[DATASET EXCERPT]
::::::

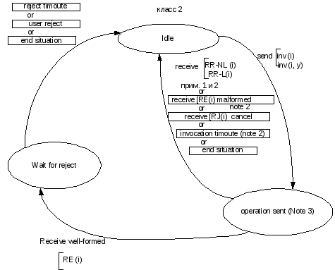При операции класса 2 докладывается только об ошибках. В случае ошибки протокола может иметь место неприем. При вызове операции класса 2 идентификатор вызова на вызывающей стороне сохраняется активным до приема отклика и не может быть далее не принят, или до события отмены таймаута или ситуации завершения. Конечный автомат функционирования протокола подсистемы транзакционных возможностей класса 2 представлен на нижеследующей диаграмме.
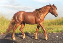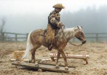 LBR Poco Tarlena,eine Breyer rrh Stockhorse Mare, die uns hier einen selbstgebauten Westernsattel und -zaum im Oldielook präsentiert |
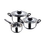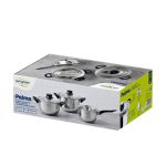 Está compuesta de cinco piezas fabricadas en acero inoxidable con un fondo capsulado y base de aluminio para una distribución más uniforme del calor. Asas y pomos permanecen fríos para garantizar seguridad mientras se cocina. Las tapas de las ollas son de cristal transparente para que puedas controlar en todo momento el proceso de cocción de tus recetas e incluyen una válvula para que salga el vapor. Ideal para todo tipo de cocinas: inducción, gas, electrica, vitrocerámica y halógena.
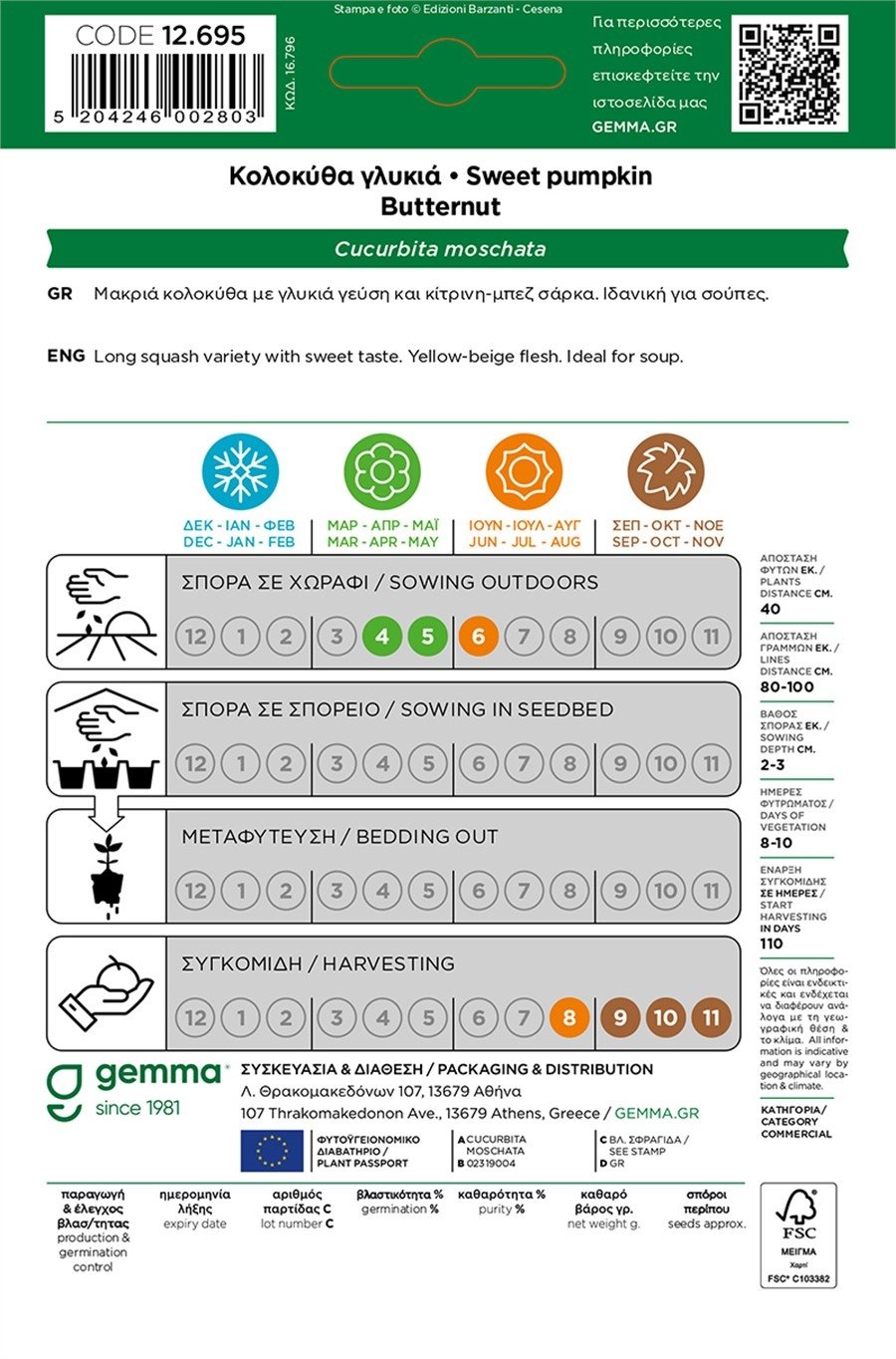 Με σπόρους Gemma εξασφαλίζεις υψηλή φυτρωτικότητα, ομοιομορφία καρπών και συσκευασία με εγγυημένη φρεσκάδα. Αν θες ένα λαχανικό που «γράφει» στη γεύση και πουλάει από τη φωτογραφία, η Butternut είναι το “hero product” σου.

::::::

[AIM OF THE EXERCISE] Once the pictures are dropped, repeat the data above exactly.

[REPLY TO THE TASK]
При операции класса 2 докладывается только об ошибках. В случае ошибки протокола может иметь место неприем. При вызове операции класса 2 идентификатор вызова на вызывающей стороне сохраняется активным до приема отклика и не может быть далее не принят, или до события отмены таймаута или ситуации завершения. Конечный автомат функционирования протокола подсистемы транзакционных возможностей класса 2 представлен на нижеследующей диаграмме.
 LBR Poco Tarlena,eine Breyer rrh Stockhorse Mare, die uns hier einen selbstgebauten Westernsattel und -zaum im Oldielook präsentiert |
 Está compuesta de cinco piezas fabricadas en acero inoxidable con un fondo capsulado y base de aluminio para una distribución más uniforme del calor. Asas y pomos permanecen fríos para garantizar seguridad mientras se cocina. Las tapas de las ollas son de cristal transparente para que puedas controlar en todo momento el proceso de cocción de tus recetas e incluyen una válvula para que salga el vapor. Ideal para todo tipo de cocinas: inducción, gas, electrica, vitrocerámica y halógena.
 Με σπόρους Gemma εξασφαλίζεις υψηλή φυτρωτικότητα, ομοιομορφία καρπών και συσκευασία με εγγυημένη φρεσκάδα. Αν θες ένα λαχανικό που «γράφει» στη γεύση και πουλάει από τη φωτογραφία, η Butternut είναι το “hero product” σου.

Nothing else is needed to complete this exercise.